Front of multifamily homes

Neighbors build community through multifamily homes

Brenda’s Habitat for Humanity home is her happy place. “I love being here, and I never want to move,” says the 72-year-old.

With its widened doorways and halls, Brenda can maneuver her wheelchair into every room of her new home – something that wasn’t possible in her prior apartment. “I’ve never been able to live in a home that was accessible,” she says. “I just had to make do with what was available that I could afford.”

Brenda’s home is part of a Midland County Habitat community that includes four Habitat homes built as multifamily units. The units were designed to be sustainable and accessible, but Brenda’s also has a roll-in shower and lowered cabinets to ensure she can navigate her home easily and safely.

Homeowner Brenda in front of accessible Habitat home

Brenda is thrilled to live in an accessible Habitat home.

Midland County Habitat decided to build multifamily units after conducting a housing need and market assessment study of the area with community partners. “The data told us we were largely a single-family home community and that there needed to be a diversity of housing options moving forward,” says Jennifer Chappel, Midland County Habitat president and CEO.

Lending a helping hand

“Neighbors can look out for each other, and we know each other here,” Brenda says of her new community.

Knowing her fellow Habitat homeowners came in handy when Brenda’s smoke alarm began beeping one night. She called her neighbor, Heidi, who came over to help her switch out the batteries.

Like Brenda, Heidi was looking for a safer environment to call home. Exposure to mold in a previous residence had wreaked havoc on her health. “I had a lot of health issues going on, but mold was a pretty big issue in that,” Heidi says.

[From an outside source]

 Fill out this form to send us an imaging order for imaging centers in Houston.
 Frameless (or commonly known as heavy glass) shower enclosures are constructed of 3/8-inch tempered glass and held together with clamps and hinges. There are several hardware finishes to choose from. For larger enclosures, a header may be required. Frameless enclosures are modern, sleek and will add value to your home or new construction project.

During her build, Heidi was “emotionally overwhelmed” by the support of friends and family who volunteered to work alongside her and help make her dream of having a healthy home come true. “They’re all just happy that I’m in a healthy spot because they watched me go through such a tough time,” she says. “Now I’m somewhere where I can finally start to have a normal life.”

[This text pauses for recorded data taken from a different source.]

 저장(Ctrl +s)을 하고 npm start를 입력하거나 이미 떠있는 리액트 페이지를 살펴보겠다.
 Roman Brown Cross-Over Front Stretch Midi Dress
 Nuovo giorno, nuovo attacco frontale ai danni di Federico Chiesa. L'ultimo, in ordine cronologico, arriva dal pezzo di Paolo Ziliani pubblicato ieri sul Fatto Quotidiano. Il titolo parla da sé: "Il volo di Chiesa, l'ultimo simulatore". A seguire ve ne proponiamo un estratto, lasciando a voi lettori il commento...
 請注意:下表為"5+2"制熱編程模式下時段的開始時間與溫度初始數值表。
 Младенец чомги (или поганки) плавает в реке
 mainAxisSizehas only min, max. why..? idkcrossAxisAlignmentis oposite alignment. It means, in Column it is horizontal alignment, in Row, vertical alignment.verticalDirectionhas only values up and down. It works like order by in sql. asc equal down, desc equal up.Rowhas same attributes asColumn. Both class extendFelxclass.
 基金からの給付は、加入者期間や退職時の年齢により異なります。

Building a more sustainable future

Brenda and Heidi’s homes were built with support from DuPont. The company provided funding and donated product to help construct the multifamily community, and its employees volunteered to help the families build their homes. DuPont staff members also identified and addressed air sealing and insulation opportunities in the homes’ designs, helping to make them more efficient. With DuPont’s help, Midland County Habitat’s multifamily homes achieved a high efficiency Energy Star HERS® rating. The HERS® Index is a nationally recognized system for evaluating a home’s energy performance in the U.S. 

“The donated product is really what makes the energy efficiencies of these homes,” Jennifer says. “We know that the largest bill a homeowner will pay is their mortgage payment. And typically, your second largest bill is your utilities. These homes have an affordable mortgage, so the cost of housing is controlled. But energy use and consumption are lowered ensuring further savings. On average, these homeowners are paying about US$100 a month on energy bills year-round.” 

“I love being here, and I never want to move.”
— Brenda, Habitat homeowner

“This home is much more energy efficient,” says Brenda, who has seen an improvement in her utility costs now that she’s moved into her Habitat home. 

“At DuPont, we are committed to working with local communities like Midland to help ensure that everyone has access to energy-efficient and resilient homes,” says Tim Lacey, DuPont’s global vice president and general manager who also serves as a member of Midland County Habitat’s construction and repair and ad hoc flood recovery committees. “We’re proud to work with Habitat to help foster more affordable and sustainable housing solutions that will improve the lives of families, our communities and our world.”